* [Exercise requirements]:
All of the lines below need to be copied exactly, apart from the pictures.

* [The input]:
┌──

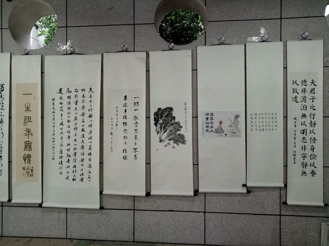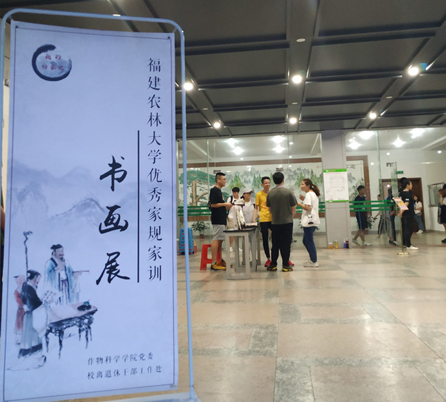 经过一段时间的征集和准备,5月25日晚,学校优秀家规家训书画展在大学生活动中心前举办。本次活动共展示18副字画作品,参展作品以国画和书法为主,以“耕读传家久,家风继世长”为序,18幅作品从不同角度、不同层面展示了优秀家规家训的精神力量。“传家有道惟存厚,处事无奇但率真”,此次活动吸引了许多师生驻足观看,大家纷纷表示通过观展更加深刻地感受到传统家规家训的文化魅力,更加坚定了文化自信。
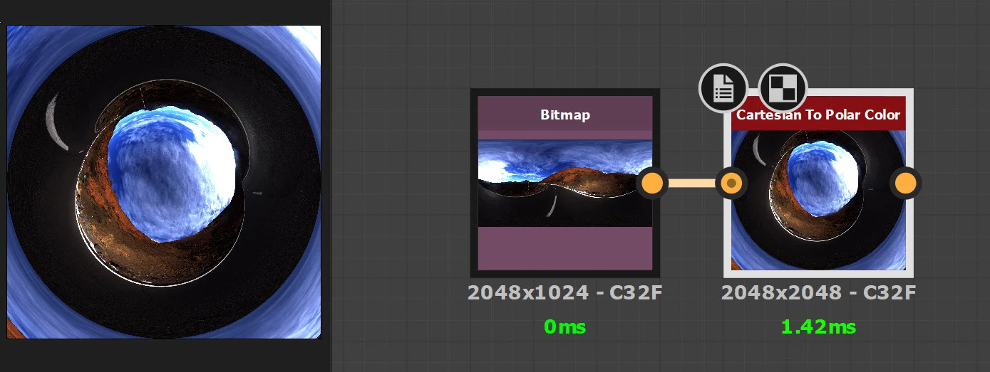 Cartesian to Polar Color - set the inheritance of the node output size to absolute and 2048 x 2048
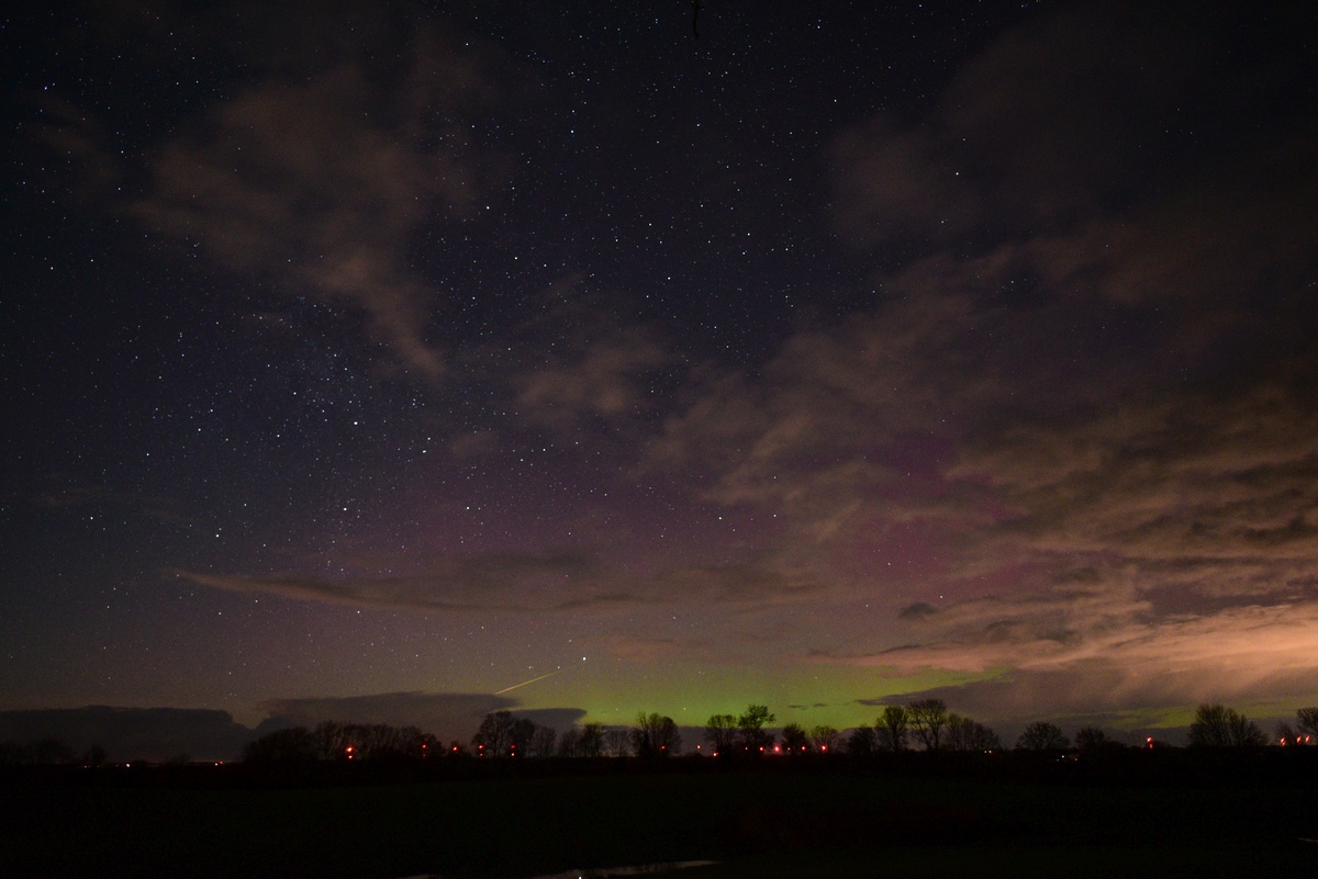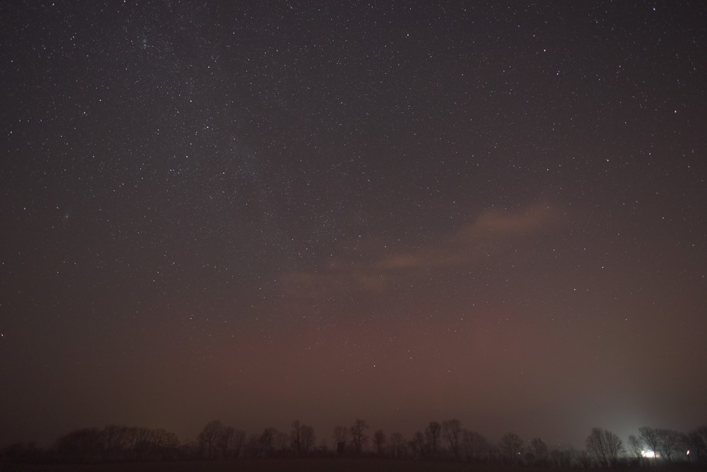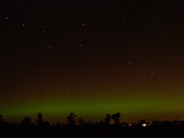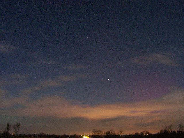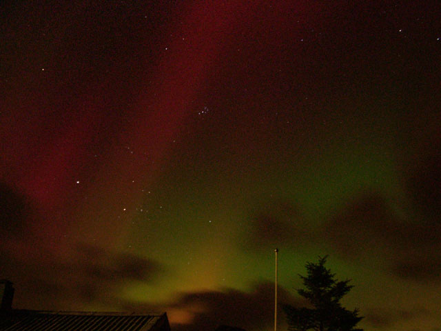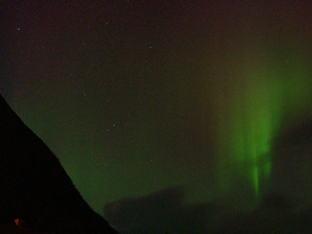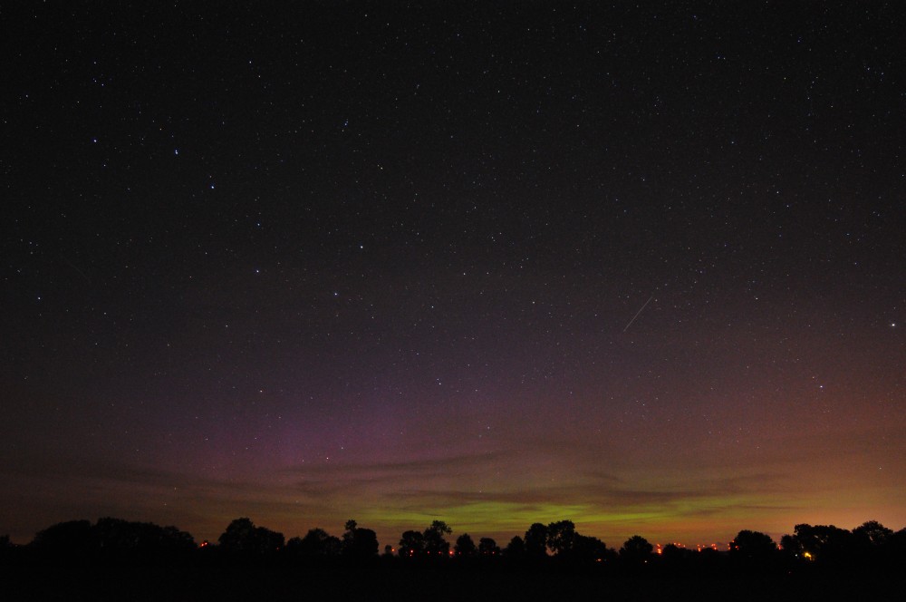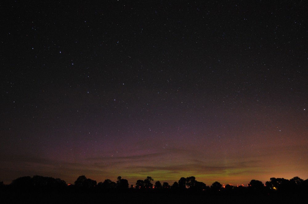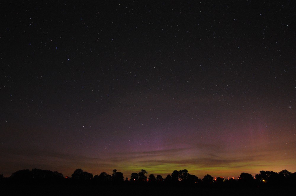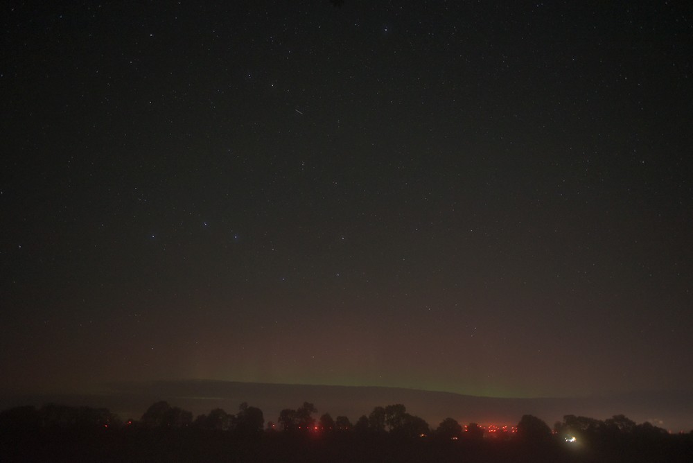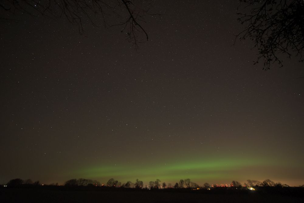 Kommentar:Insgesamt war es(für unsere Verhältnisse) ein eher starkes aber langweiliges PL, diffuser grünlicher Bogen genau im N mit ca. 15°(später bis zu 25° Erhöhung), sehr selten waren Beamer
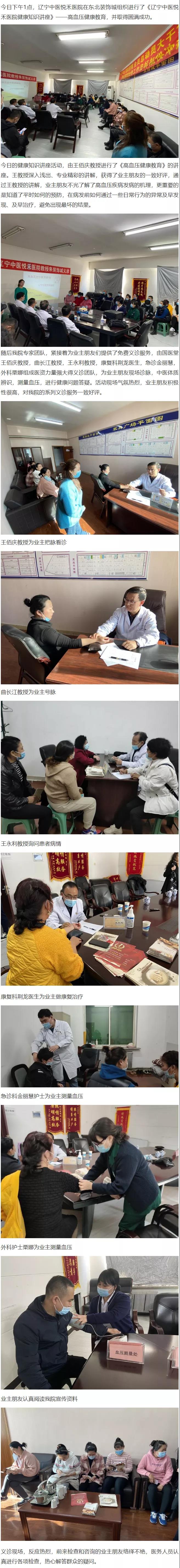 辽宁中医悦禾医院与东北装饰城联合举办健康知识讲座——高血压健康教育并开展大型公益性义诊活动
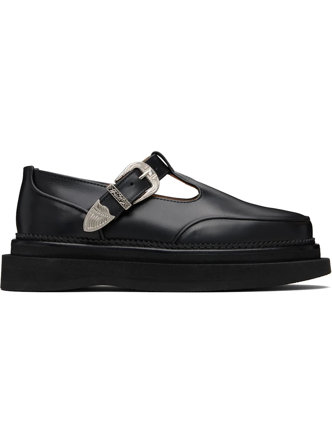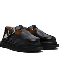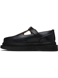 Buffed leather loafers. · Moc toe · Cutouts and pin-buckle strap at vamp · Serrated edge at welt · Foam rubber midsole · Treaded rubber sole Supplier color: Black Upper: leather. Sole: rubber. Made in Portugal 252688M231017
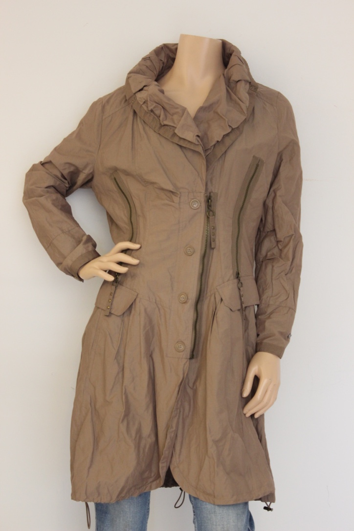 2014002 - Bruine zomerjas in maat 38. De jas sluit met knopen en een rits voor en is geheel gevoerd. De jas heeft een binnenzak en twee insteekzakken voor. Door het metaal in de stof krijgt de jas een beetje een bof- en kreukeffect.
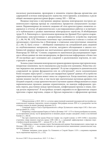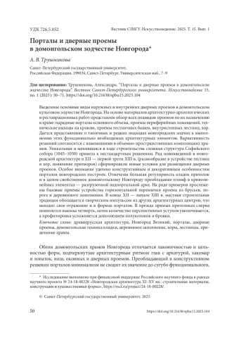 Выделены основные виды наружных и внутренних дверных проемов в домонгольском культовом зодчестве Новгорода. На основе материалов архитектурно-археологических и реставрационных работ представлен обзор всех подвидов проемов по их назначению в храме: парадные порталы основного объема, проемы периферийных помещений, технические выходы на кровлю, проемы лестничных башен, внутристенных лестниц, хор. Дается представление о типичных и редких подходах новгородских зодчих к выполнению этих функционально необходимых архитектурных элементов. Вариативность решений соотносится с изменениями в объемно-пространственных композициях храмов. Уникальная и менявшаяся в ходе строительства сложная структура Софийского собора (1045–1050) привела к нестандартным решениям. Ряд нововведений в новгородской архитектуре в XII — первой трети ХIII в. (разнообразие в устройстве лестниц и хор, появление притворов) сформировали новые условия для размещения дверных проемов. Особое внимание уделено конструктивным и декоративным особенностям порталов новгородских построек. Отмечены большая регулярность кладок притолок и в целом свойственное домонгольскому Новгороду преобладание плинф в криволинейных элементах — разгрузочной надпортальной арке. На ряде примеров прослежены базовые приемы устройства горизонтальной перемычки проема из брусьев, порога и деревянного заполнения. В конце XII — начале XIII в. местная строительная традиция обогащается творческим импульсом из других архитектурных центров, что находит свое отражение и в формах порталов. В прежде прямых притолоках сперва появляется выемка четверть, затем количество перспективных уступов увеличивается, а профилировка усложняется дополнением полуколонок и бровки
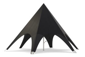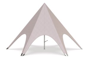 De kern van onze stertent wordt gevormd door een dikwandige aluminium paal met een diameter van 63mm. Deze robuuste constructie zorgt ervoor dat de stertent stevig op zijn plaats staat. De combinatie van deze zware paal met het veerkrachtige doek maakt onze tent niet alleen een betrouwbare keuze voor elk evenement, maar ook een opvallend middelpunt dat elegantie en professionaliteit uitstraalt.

└──

* [Answer]:
 经过一段时间的征集和准备,5月25日晚,学校优秀家规家训书画展在大学生活动中心前举办。本次活动共展示18副字画作品,参展作品以国画和书法为主,以“耕读传家久,家风继世长”为序,18幅作品从不同角度、不同层面展示了优秀家规家训的精神力量。“传家有道惟存厚,处事无奇但率真”,此次活动吸引了许多师生驻足观看,大家纷纷表示通过观展更加深刻地感受到传统家规家训的文化魅力,更加坚定了文化自信。
 Cartesian to Polar Color - set the inheritance of the node output size to absolute and 2048 x 2048
 Kommentar:Insgesamt war es(für unsere Verhältnisse) ein eher starkes aber langweiliges PL, diffuser grünlicher Bogen genau im N mit ca. 15°(später bis zu 25° Erhöhung), sehr selten waren Beamer
 辽宁中医悦禾医院与东北装饰城联合举办健康知识讲座——高血压健康教育并开展大型公益性义诊活动
 Buffed leather loafers. · Moc toe · Cutouts and pin-buckle strap at vamp · Serrated edge at welt · Foam rubber midsole · Treaded rubber sole Supplier color: Black Upper: leather. Sole: rubber. Made in Portugal 252688M231017
 2014002 - Bruine zomerjas in maat 38. De jas sluit met knopen en een rits voor en is geheel gevoerd. De jas heeft een binnenzak en twee insteekzakken voor. Door het metaal in de stof krijgt de jas een beetje een bof- en kreukeffect.
 Выделены основные виды наружных и внутренних дверных проемов в домонгольском культовом зодчестве Новгорода. На основе материалов архитектурно-археологических и реставрационных работ представлен обзор всех подвидов проемов по их назначению в храме: парадные порталы основного объема, проемы периферийных помещений, технические выходы на кровлю, проемы лестничных башен, внутристенных лестниц, хор. Дается представление о типичных и редких подходах новгородских зодчих к выполнению этих функционально необходимых архитектурных элементов. Вариативность решений соотносится с изменениями в объемно-пространственных композициях храмов. Уникальная и менявшаяся в ходе строительства сложная структура Софийского собора (1045–1050) привела к нестандартным решениям. Ряд нововведений в новгородской архитектуре в XII — первой трети ХIII в. (разнообразие в устройстве лестниц и хор, появление притворов) сформировали новые условия для размещения дверных проемов. Особое внимание уделено конструктивным и декоративным особенностям порталов новгородских построек. Отмечены большая регулярность кладок притолок и в целом свойственное домонгольскому Новгороду преобладание плинф в криволинейных элементах — разгрузочной надпортальной арке. На ряде примеров прослежены базовые приемы устройства горизонтальной перемычки проема из брусьев, порога и деревянного заполнения. В конце XII — начале XIII в. местная строительная традиция обогащается творческим импульсом из других архитектурных центров, что находит свое отражение и в формах порталов. В прежде прямых притолоках сперва появляется выемка четверть, затем количество перспективных уступов увеличивается, а профилировка усложняется дополнением полуколонок и бровки
 De kern van onze stertent wordt gevormd door een dikwandige aluminium paal met een diameter van 63mm. Deze robuuste constructie zorgt ervoor dat de stertent stevig op zijn plaats staat. De combinatie van deze zware paal met het veerkrachtige doek maakt onze tent niet alleen een betrouwbare keuze voor elk evenement, maar ook een opvallend middelpunt dat elegantie en professionaliteit uitstraalt.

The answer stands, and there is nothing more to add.